Let's first walk through a simple case, where $W=6$ and $R=2$, to get a feel for how we can do this. We'll take the following approach: first, start with the combination {0,1}. Then, we'll add 1 to each element, modulo 6, to get the next combination {1,2}. We'll keep doing this until we return to {0,1}. This gives us the following sequence of combinations: {0,1}, {1,2}, {2,3}, {3,4}, {4,5}, {5,0} Notice that in this sequence, each well appears exactly twice, so this subset of combinations will fill the wells evenly. Great! Now, we can start with a new combination that hasn't been used yet, say {0,2}, and repeat the same process: {0,2}, {1,3}, {2,4}, {3,5}, {4,0}, {5,1} Again, each well appears exactly twice in this sequence.
At this point, you might be asking if this approach is guaranteed to work. In particular, how do we know that we will exhaustively visit all combinations without getting any repetitions? Well, it turns out that this approach can be described with the language of group theory, which gives us some powerful guarantees on our results. If we think of the possible combinations of wells as a set, we can say that we're applying a group action of the cyclic group of order $W$ on the set of combinations. Each subset of combinations generated in this way is called an orbit under this group action. One result we can draw from group theory is the orbit decomposition theorem, which tells us that the set of all combinations can be decomposed into disjoint subsets via these orbits. This means that by applying our method, we can systematically generate all combinations while ensuring even filling of the wells.
Further, a result called the orbit stabilizer theorem tells us more about the sizes of the orbits that we generate. Specifically, the size of each orbit is equal to the size of the group (which is $W$) divided by the size of something called the stabilizer subgroup of the starting combination. In practice this means that we can have orbits of size $W/k$, where $k$ is a common divisor of $W$ and $R$. In our example with $W=6$ and $R=2,$ we can have orbits of size 6 (when the stabilizer is trivial) or size 3 (when the stabilizer has size 2). We’ve already seen two orbits of size 6, where the stabilizer subgroup is trivial. But for the next starting position, {0,3}, the stabilizer subgroup has two elements: the identity as well as the \(x + 3 \bmod 6\) operation. This means that the resultant orbit will be of size 6/2=3: {0,3}, {1,4}, {2,5}. We can see that this orbit fills each well once rather than twice.

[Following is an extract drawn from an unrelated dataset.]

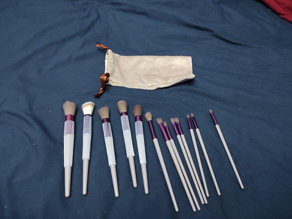 Dobre pędzle w ładnej torebce, strasznie śmierdzą.. Ale pamiętam i ok.. Trochę nitki wystaje z torebki
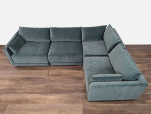 Features plush deep seat cushions, casual pillowy-soft back cushions, and canted seat and back construction. Upholstered in velvet fabric.

And how well does this approach work in practice? We can compare it to our random baseline from before. Here's a plot comparing the two approaches for $W=24$ and $R=2,3$:

As expected, our systematic approach guarantees no overlaps until we exceed the total number of unique combinations, while the random approach starts to show overlaps much earlier. We can also see that, using this method, we never have a difference between most- and least-filled well greater than $R$:

This problem turns out to be closely related to some well-studied and more complex mathematical problems, such as balanced incomplete block designs (BIBDs). And in the real world, very similar ideas arise in contexts like disease testing, error correcting codes, and more. In our case, we're not too concerned with achieving perfect balance between all the wells or conclusively identifying all drug-drug interactions, but this fairly simple approach gives us a practical and efficient way to design our pooling schemes. (We should say, too, that there are lots of other factors that need to be considered when designing a real pooling scheme, but this approach is a good starting point.)
You might think all this math language is a bit of overkill for the problem at hand, and indeed you don't need to understand anything about stabilizers or group actions to implement this solution (though the formal approach is helpful in understanding how to generalize from $R=2$ to larger $R$). But whether we frame the problem with abstract math or not, optimizing our pooling scheme means we can get more data with fewer measurements. And in a field like drug discovery where there are so many difficult trade-offs, it's always nice to find a free win!